Activity – Leaving pictures aside, set down each line exactly, from the first line of the data to the line with "This fringy top", both included.

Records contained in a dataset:
══════════

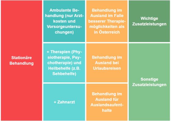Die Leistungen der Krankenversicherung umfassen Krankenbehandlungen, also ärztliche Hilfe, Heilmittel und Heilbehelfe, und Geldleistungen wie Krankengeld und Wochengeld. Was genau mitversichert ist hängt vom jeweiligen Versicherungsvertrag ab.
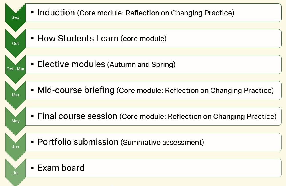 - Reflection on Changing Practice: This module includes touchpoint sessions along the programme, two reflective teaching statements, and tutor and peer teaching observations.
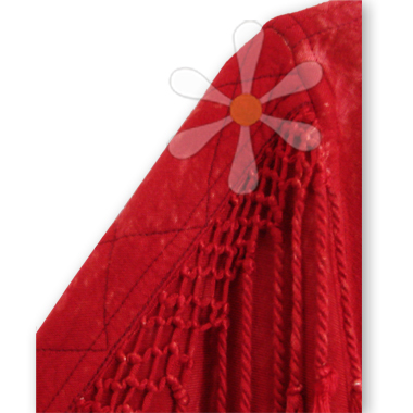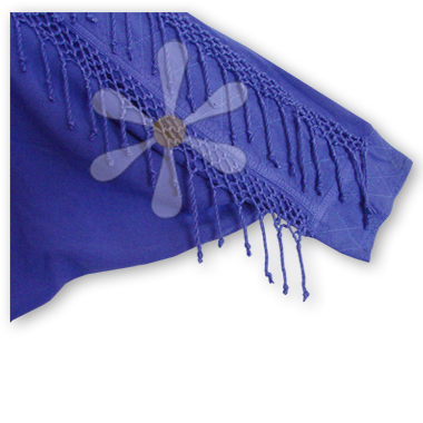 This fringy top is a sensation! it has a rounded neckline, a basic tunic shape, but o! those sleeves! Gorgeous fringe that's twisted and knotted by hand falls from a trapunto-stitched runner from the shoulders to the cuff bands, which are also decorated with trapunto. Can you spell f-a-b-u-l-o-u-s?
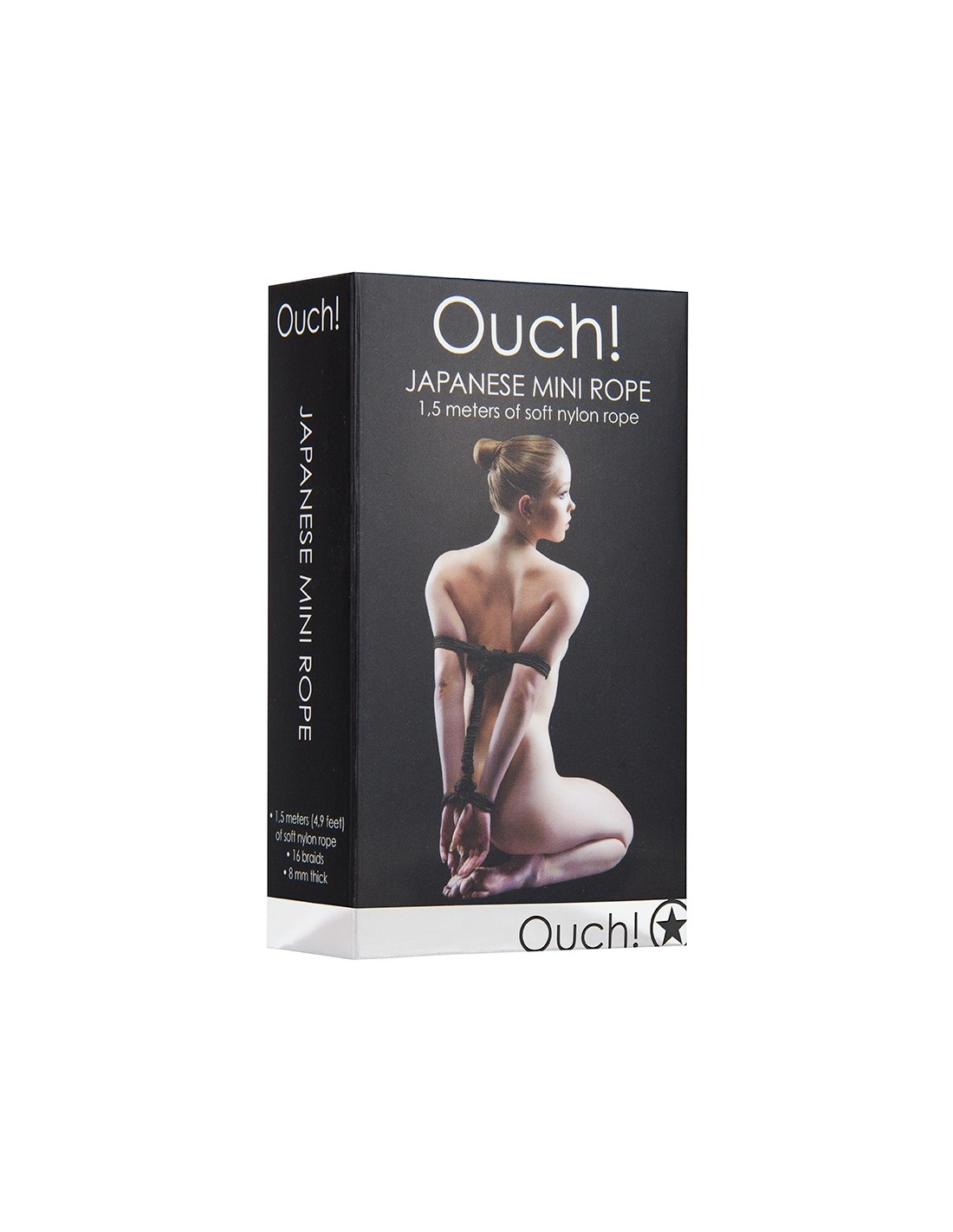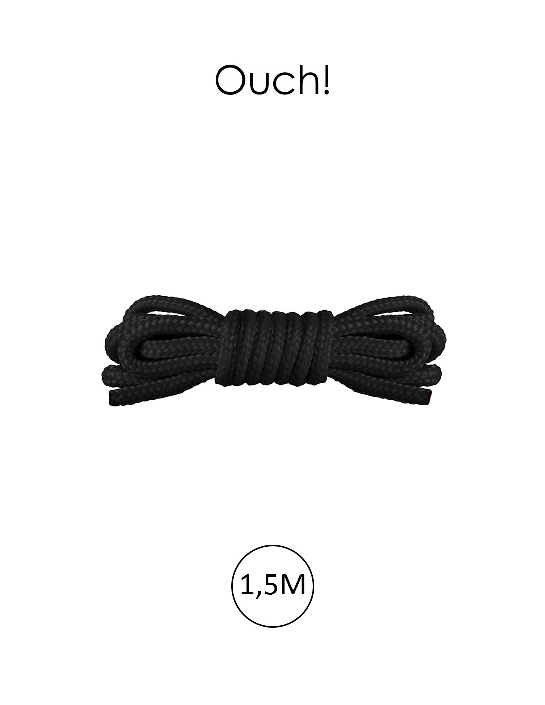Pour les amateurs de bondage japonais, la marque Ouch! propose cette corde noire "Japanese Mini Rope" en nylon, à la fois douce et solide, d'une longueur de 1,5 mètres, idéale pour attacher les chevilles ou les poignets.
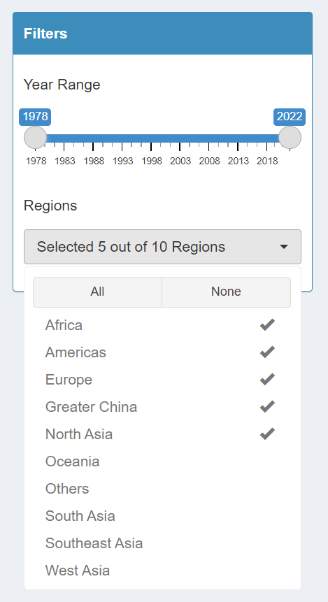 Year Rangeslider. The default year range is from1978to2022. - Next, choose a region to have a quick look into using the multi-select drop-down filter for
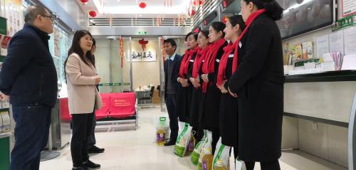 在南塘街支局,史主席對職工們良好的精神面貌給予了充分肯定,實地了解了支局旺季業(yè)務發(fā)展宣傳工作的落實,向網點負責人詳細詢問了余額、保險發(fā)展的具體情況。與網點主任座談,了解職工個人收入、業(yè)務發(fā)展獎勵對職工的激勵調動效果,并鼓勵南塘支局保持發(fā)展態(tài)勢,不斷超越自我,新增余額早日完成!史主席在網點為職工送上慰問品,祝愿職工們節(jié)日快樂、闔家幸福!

══════════

Output below –
Die Leistungen der Krankenversicherung umfassen Krankenbehandlungen, also ärztliche Hilfe, Heilmittel und Heilbehelfe, und Geldleistungen wie Krankengeld und Wochengeld. Was genau mitversichert ist hängt vom jeweiligen Versicherungsvertrag ab.
 - Reflection on Changing Practice: This module includes touchpoint sessions along the programme, two reflective teaching statements, and tutor and peer teaching observations.
 This fringy top is a sensation! it has a rounded neckline, a basic tunic shape, but o! those sleeves! Gorgeous fringe that's twisted and knotted by hand falls from a trapunto-stitched runner from the shoulders to the cuff bands, which are also decorated with trapunto. Can you spell f-a-b-u-l-o-u-s?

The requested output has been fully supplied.